### [Task directions]
Copy out all of the data word for word. Omit every picture.

### [Given data]
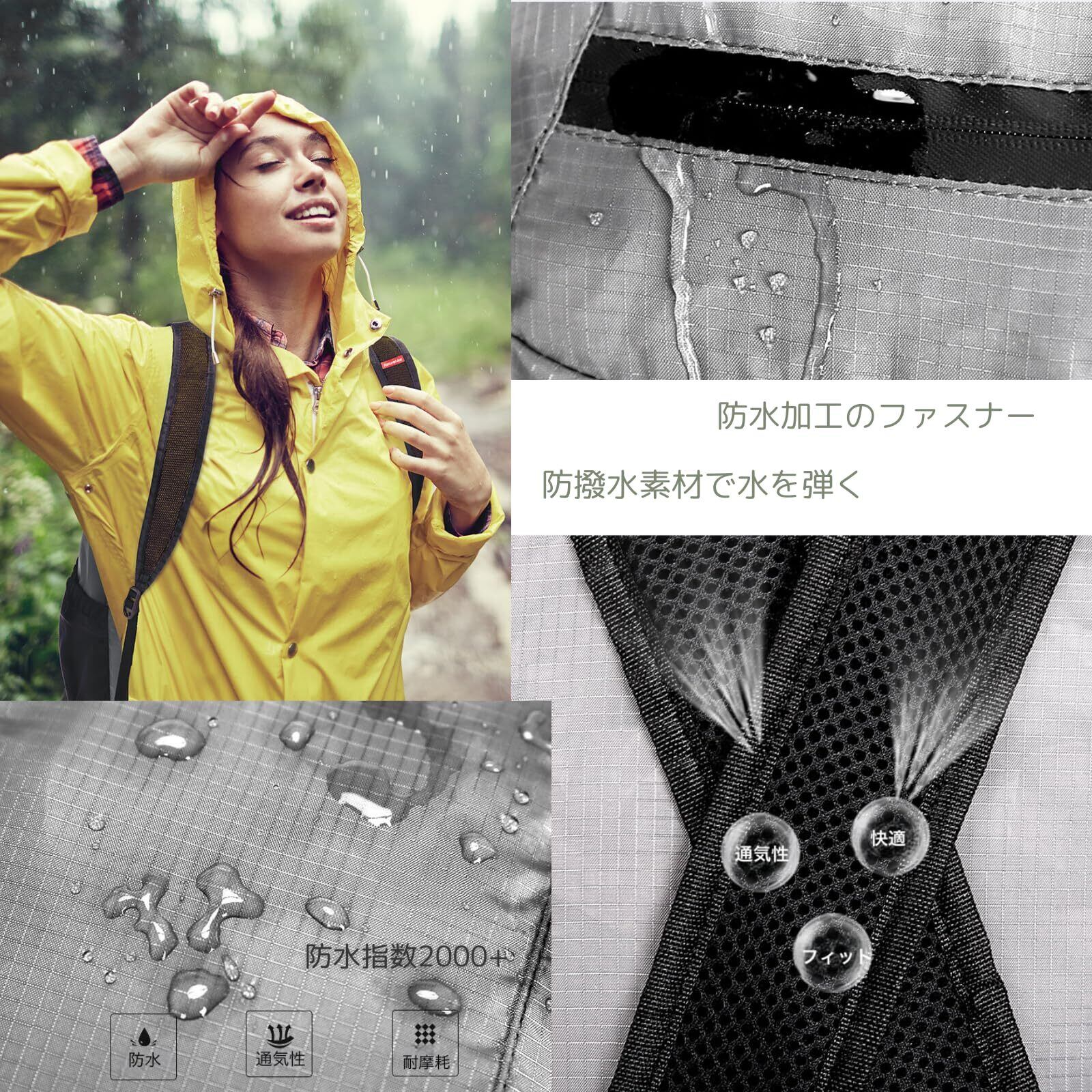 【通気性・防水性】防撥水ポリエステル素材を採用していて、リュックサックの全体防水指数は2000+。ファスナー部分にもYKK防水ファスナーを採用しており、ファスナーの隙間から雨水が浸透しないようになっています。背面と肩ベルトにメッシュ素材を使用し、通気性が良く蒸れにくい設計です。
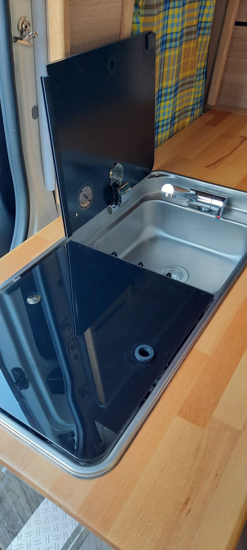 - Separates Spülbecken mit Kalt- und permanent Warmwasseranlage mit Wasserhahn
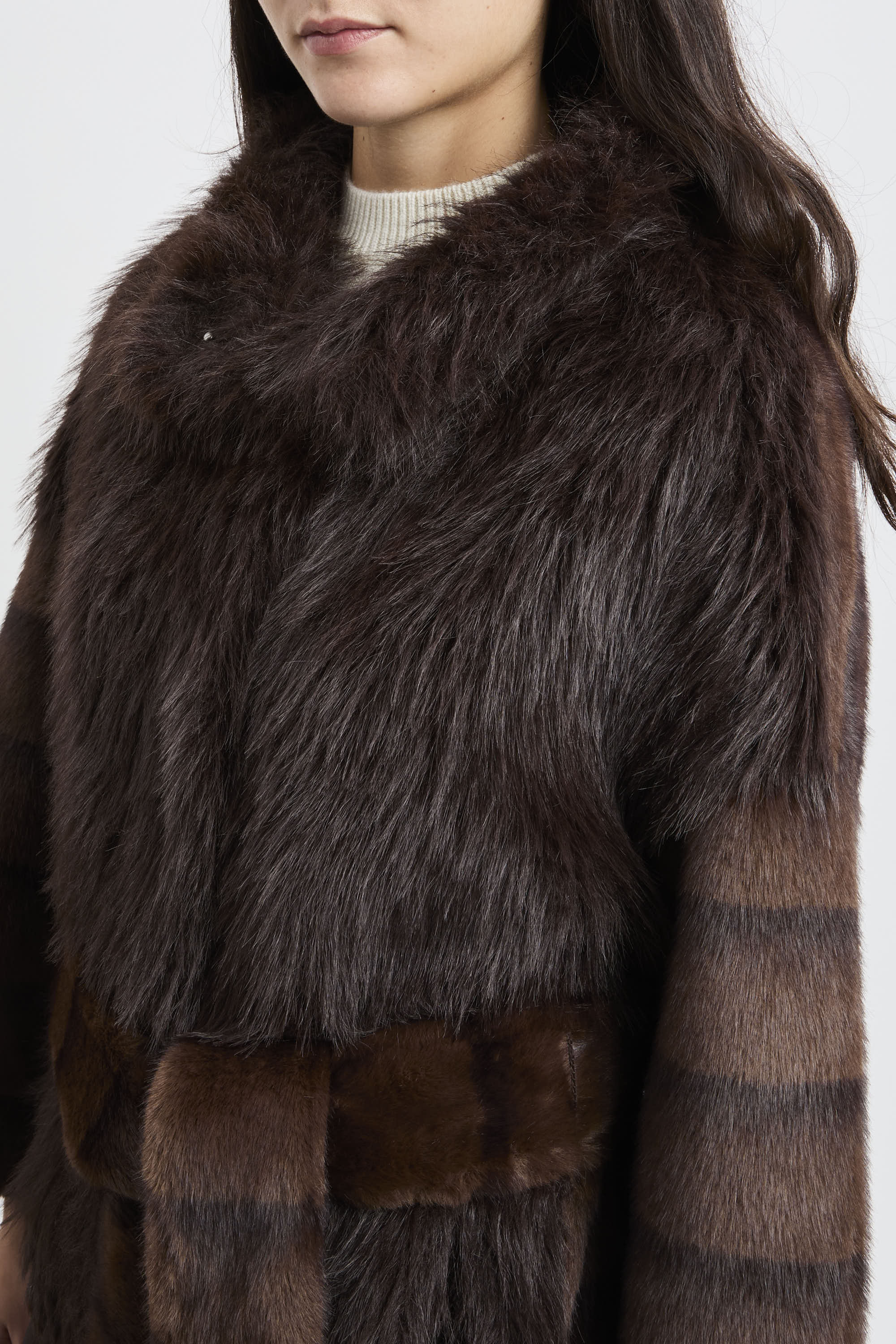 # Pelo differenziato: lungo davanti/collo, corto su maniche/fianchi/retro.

### [Answer space]
 【通気性・防水性】防撥水ポリエステル素材を採用していて、リュックサックの全体防水指数は2000+。ファスナー部分にもYKK防水ファスナーを採用しており、ファスナーの隙間から雨水が浸透しないようになっています。背面と肩ベルトにメッシュ素材を使用し、通気性が良く蒸れにくい設計です。
 - Separates Spülbecken mit Kalt- und permanent Warmwasseranlage mit Wasserhahn
 # Pelo differenziato: lungo davanti/collo, corto su maniche/fianchi/retro.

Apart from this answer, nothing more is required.